**Your assignment**
All of the listing is to be written out word for word, with the pictures left out.

**Exercise data**
+++++

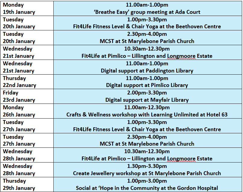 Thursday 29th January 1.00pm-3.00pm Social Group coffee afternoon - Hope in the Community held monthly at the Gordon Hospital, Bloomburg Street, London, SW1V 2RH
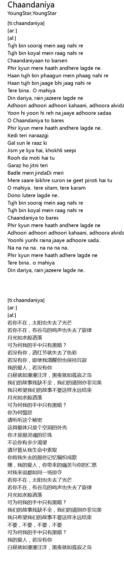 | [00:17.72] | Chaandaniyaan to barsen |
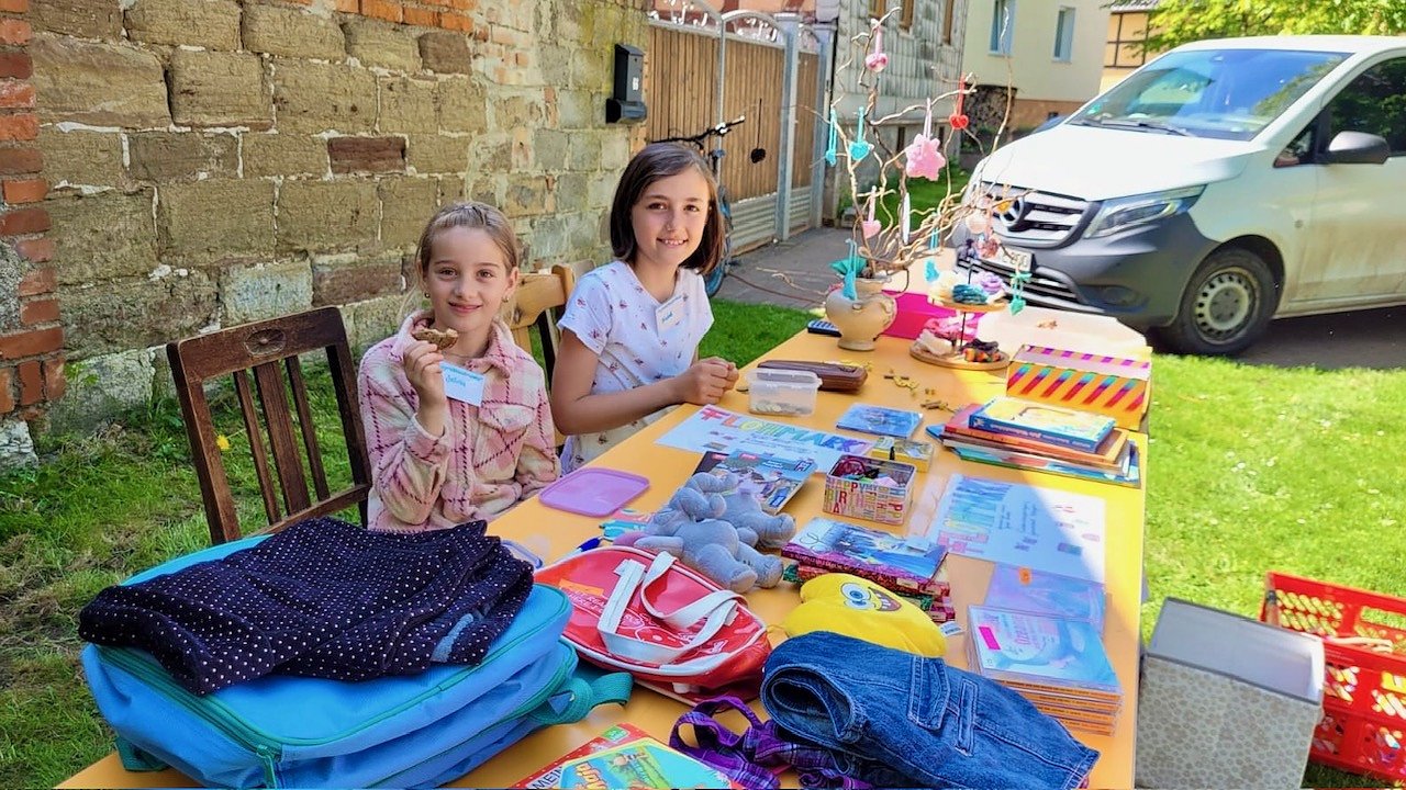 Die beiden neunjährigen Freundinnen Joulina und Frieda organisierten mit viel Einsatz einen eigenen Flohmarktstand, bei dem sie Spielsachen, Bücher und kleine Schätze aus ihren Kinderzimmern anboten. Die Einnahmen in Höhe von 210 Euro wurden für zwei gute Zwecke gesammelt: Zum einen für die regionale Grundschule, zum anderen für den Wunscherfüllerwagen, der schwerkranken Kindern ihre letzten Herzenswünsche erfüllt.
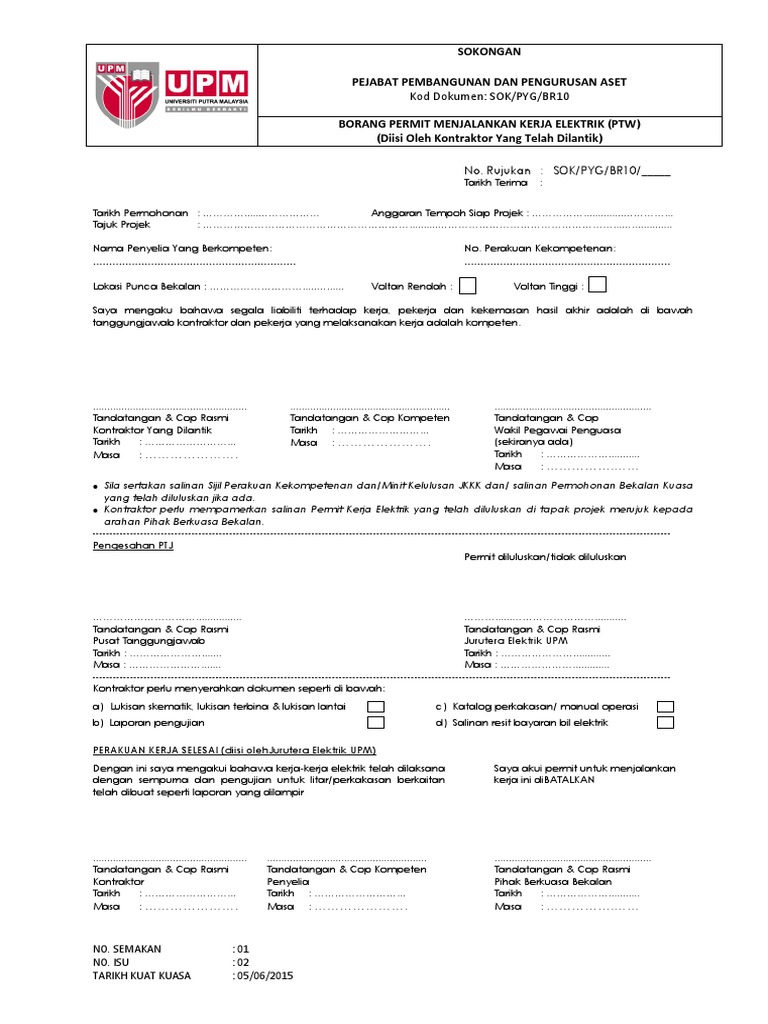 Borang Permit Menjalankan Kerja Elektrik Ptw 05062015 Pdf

+++++

**Written solution**
 Thursday 29th January 1.00pm-3.00pm Social Group coffee afternoon - Hope in the Community held monthly at the Gordon Hospital, Bloomburg Street, London, SW1V 2RH
 | [00:17.72] | Chaandaniyaan to barsen |
 Die beiden neunjährigen Freundinnen Joulina und Frieda organisierten mit viel Einsatz einen eigenen Flohmarktstand, bei dem sie Spielsachen, Bücher und kleine Schätze aus ihren Kinderzimmern anboten. Die Einnahmen in Höhe von 210 Euro wurden für zwei gute Zwecke gesammelt: Zum einen für die regionale Grundschule, zum anderen für den Wunscherfüllerwagen, der schwerkranken Kindern ihre letzten Herzenswünsche erfüllt.
 Borang Permit Menjalankan Kerja Elektrik Ptw 05062015 Pdf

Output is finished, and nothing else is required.